**Requirement:**
Skip the pictures. Output only the lines below starting at the line with "6. To serve, spread" and ending at the line with "Exquisites Shirt mit", both ends included, exactly as they are.

**Excerpted records:**

= = = = =

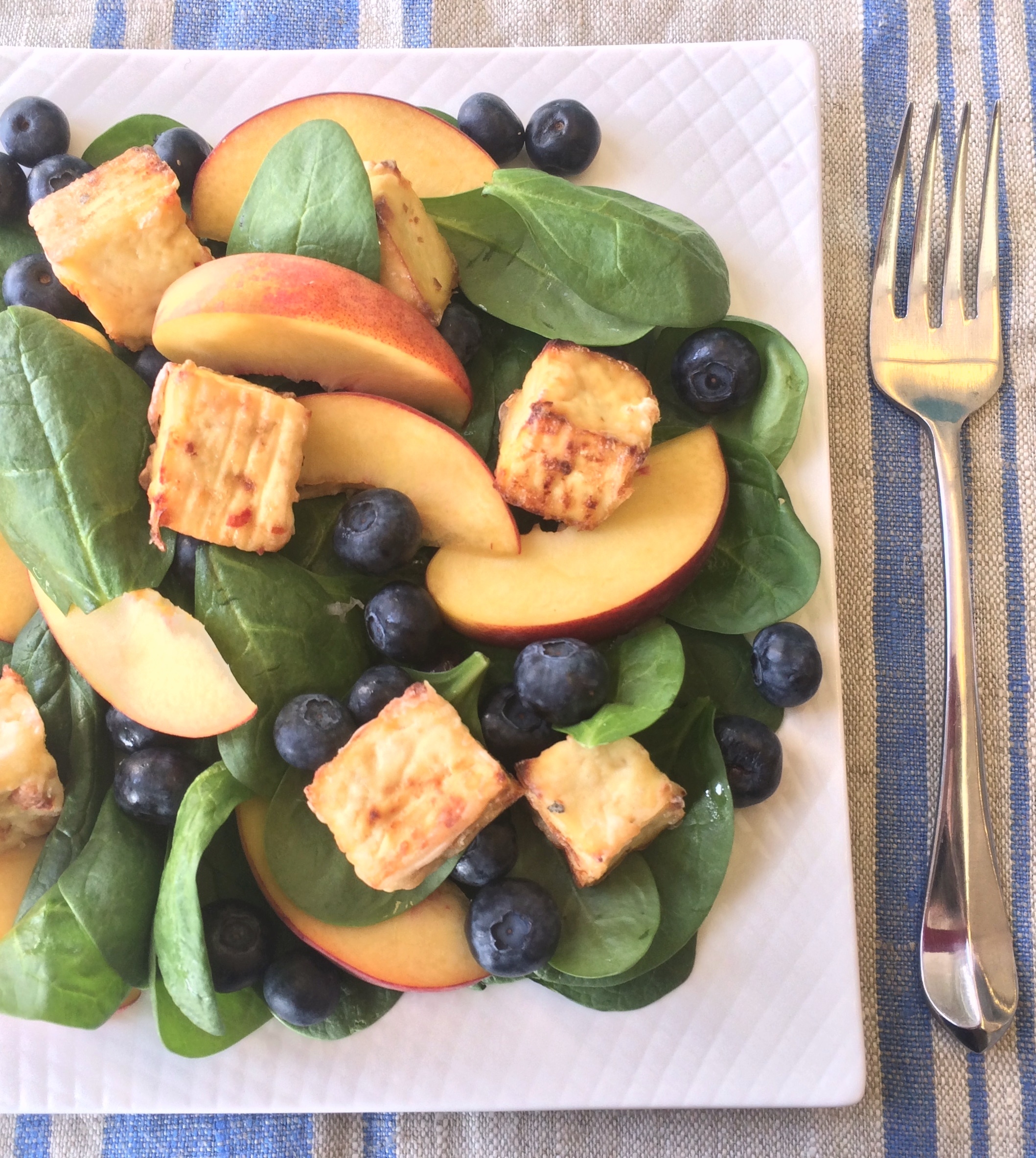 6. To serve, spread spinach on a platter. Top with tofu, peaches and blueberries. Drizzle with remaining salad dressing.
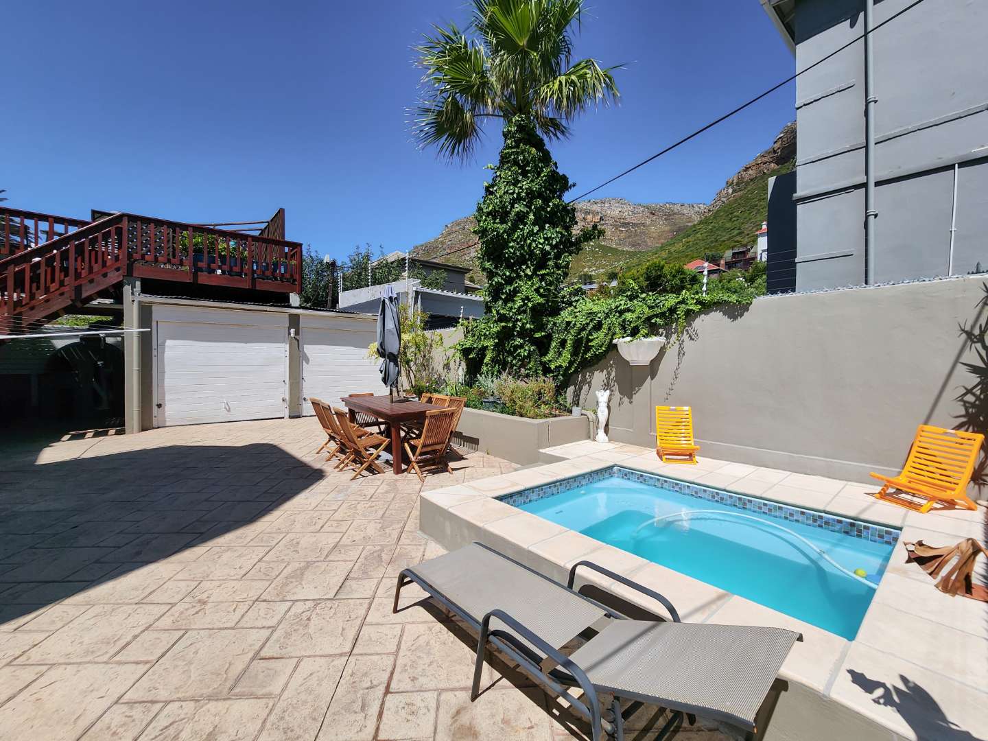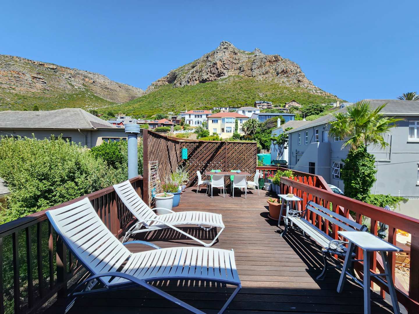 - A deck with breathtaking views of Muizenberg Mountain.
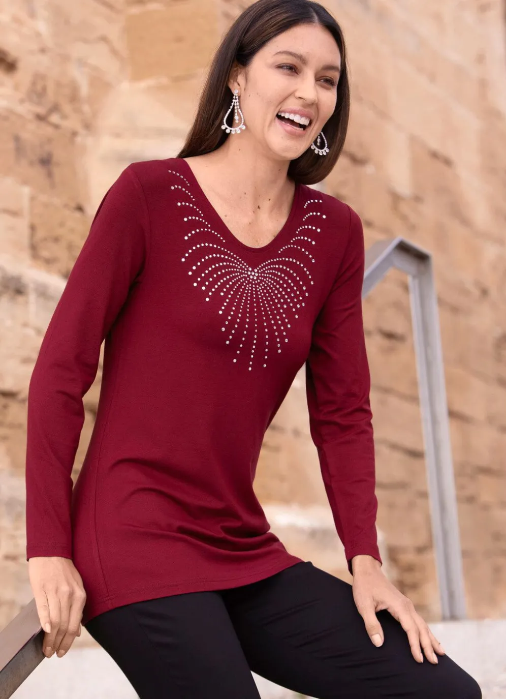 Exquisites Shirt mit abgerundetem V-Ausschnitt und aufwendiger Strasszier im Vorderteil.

= = = = =

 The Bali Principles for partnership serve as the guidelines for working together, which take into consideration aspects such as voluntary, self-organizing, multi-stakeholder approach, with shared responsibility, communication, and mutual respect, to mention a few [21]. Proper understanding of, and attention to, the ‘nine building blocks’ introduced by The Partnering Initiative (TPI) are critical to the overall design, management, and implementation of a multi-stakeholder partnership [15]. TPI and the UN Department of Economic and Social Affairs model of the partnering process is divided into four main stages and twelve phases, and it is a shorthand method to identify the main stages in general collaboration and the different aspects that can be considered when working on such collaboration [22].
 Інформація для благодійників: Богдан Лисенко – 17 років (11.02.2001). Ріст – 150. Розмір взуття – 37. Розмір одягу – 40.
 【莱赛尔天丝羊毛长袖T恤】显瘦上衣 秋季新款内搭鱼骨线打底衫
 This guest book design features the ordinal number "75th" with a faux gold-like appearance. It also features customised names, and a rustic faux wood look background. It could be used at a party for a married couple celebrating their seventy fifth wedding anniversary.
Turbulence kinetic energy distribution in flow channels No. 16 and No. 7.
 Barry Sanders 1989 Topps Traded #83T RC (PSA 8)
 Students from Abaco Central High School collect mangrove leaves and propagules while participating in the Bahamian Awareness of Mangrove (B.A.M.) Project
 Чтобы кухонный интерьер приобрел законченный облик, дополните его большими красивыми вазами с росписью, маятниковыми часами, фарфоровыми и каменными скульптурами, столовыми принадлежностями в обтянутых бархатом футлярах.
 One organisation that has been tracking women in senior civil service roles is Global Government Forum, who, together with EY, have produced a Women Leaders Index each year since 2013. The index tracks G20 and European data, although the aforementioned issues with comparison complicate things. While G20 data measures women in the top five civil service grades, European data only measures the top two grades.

= = = = =

**Solution to this exercise:**
 6. To serve, spread spinach on a platter. Top with tofu, peaches and blueberries. Drizzle with remaining salad dressing.
 - A deck with breathtaking views of Muizenberg Mountain.
 Exquisites Shirt mit abgerundetem V-Ausschnitt und aufwendiger Strasszier im Vorderteil.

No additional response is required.